ただ眠いんだ

"人生はコメディだ!"

スガシカオ『THE LAST』はヒットチャートをかけぬけた

スガシカオの『THE LAST』が発売になって早一月弱が経過した。
ファンとしてはびっくりするような、心配するようなアルバムタイトルだったけど。

どうやら各方面で話題になってるらしく、いろいろなFM曲のヒットチャートで上位にランクインしたりしている。タイアップとかないのにすごいなあ。

というわけで1ヶ月の間何度も聞いたのでレビューするぞー*1

ふるえる手

スガさんのお父さんがモデルになっている曲なのだけど、いきなり

いつもふるえていた アル中の父さんの手

という歌詞から始まるアルバム、なんかすごい。

最初に聞いたときに「あ、スガシカオだ」と思った曲。

あなたひとりだけ 幸せになることは 許されないのよ

『秘密』や『AFFAIR』と地続きの歌詞。

あなたがいない物語なんて 想像したくない

しかしスガさんが歌う女歌は重いのが多いなあ。
この曲はMVがYouTubeにあるのでどうぞ。

ごめんねセンチメンタル

今話題の?「ゲス」という言葉が出てきてドキッとする。ゲスの極み乙女。と一緒にテレビに出てたなあ。

『Hop Step Dive』と似たメロディーだけど、歌われているのは、変わりたいけど変われない、もがいても進めないもどかしさだと思う。

青春のホルマリン漬け

曲名を見た時点での感想

生物科の僕としてはホルマリンの匂いというのはわりと嗅ぎ慣れたものなんだけど、たしかに僕の青春もそんな匂いがするなあ。

聞いてからの感想

終電を逃したからって「日暮里のラブホ」に行くような青春じゃねえよ!!!

オバケエントツ

アルバムでほぼ唯一、「爽やかな思い出」系の曲かと思いきや衝撃の事実が。

まさかの同一人物。
『黒いシミ』と『オバケエントツ』の彼女が同じというのはまあなんとなくイメージとしてつながるんだけど、『性的敗北』と『夜空ノムコウ』と同じというのはなかなかのインパクト。

『夜空ノムコウ』が出た後のライブMCで

幾ばくかの収入もありましたし、全国的な知名度もある程度上げさせていただきまして。

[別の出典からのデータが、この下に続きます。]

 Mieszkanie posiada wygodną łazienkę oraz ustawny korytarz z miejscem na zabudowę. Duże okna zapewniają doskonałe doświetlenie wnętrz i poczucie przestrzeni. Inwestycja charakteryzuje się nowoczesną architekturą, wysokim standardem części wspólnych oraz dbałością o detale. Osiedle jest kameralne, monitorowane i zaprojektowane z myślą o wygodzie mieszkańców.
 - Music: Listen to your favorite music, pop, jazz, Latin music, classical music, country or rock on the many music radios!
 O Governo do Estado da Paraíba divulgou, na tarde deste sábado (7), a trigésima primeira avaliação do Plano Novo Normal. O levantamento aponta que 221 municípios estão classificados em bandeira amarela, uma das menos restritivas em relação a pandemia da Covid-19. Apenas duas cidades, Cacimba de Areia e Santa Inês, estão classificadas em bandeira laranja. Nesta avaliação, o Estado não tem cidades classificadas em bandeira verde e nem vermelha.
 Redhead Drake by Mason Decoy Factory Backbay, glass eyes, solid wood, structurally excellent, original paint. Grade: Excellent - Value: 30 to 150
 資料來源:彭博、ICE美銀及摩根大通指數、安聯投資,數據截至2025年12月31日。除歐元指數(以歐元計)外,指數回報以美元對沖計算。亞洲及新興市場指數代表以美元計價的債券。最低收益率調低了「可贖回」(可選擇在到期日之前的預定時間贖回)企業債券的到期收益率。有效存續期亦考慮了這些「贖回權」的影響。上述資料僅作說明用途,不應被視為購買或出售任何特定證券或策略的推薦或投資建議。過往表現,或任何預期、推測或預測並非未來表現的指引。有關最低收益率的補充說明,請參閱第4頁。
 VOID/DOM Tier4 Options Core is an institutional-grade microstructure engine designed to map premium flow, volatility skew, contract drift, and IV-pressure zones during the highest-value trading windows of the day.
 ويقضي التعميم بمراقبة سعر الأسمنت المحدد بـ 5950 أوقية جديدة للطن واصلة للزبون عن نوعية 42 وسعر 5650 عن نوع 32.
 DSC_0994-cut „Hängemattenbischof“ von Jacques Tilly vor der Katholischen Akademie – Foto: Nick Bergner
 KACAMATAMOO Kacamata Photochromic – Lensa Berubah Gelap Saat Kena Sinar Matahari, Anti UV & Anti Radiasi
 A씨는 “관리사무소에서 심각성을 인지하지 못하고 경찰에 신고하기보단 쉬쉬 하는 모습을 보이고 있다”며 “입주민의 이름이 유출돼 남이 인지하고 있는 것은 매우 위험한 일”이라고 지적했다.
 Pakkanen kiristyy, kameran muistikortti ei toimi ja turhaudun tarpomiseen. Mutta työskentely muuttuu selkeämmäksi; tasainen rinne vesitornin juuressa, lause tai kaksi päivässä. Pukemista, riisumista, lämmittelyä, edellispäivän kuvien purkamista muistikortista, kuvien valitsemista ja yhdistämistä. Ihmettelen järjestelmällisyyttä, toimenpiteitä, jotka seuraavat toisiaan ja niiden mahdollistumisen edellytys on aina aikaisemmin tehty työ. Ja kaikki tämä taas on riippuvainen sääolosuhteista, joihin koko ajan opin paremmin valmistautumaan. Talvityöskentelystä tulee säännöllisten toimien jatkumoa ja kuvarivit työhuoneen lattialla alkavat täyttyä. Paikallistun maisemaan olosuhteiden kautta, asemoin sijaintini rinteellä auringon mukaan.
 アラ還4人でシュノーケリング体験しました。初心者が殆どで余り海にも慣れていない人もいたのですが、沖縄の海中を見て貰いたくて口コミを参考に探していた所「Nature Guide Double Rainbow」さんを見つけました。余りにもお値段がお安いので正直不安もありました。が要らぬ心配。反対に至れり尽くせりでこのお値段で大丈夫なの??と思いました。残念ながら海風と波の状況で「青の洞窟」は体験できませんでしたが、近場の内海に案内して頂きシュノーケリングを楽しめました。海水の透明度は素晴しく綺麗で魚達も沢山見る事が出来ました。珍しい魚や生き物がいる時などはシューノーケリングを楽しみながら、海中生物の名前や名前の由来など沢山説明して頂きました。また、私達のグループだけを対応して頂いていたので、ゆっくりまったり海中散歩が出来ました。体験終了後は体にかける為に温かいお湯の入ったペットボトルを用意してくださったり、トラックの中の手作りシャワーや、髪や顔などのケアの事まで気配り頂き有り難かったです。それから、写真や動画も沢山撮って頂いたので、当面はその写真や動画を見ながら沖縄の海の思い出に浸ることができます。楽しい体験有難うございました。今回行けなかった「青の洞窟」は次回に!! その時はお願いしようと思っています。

(中略)
これはね、僕のことを今まで振ってきたり捨ててきた女からの慰謝料だと思ってますから僕は!
しかもですよ、全額払ったと思うなよ!

と言っていたわけだけど…この彼女に関してはそろそろ全額分ぐらいになったかな?4曲できたし…

愛と幻想のレスポール

今回のアルバムの中で一番好きな曲なんだけど…カラオケとかで歌うのめちゃくちゃ難しそうだねこの曲は。

わかってほしいのは そう君だけ

スガシカオの活動を見ていると、この一節がものすごく重たい。

真夜中の虹

このアルバムの中で一番人気?の曲。 アルバムプロモーションでテレビに出てたときもこれを演奏してたし。

とりあえずYouTubeにショートバージョンが上がっているので聞いてみよう。

アルバム全体を通して

スガシカオがインディーズからメジャーレーベルに復帰して初のアルバムなわけだけど、前回の FUNKASTiCから6年ぶり(!)になる*2
やっぱりスガシカオはいいなあと思うアルバムで、今スガさんが本当にやりたい音楽がこれなんだなと思う。

最近のヒットチャートに出てくる曲というのは「カラオケで歌いやすい」というのを重視していると聞いたことがあるけど、まったくそんなのお構いなし。
『ヒットチャートをかけぬけろ』でデビューして、ヒットチャートを席巻した後にインディーズへ、そしていわゆる「売れ線」ではない曲でまたヒットチャートに舞い戻ってくるというのは、スガシカオの奥深さというか実力を物語っているのではないかなあ。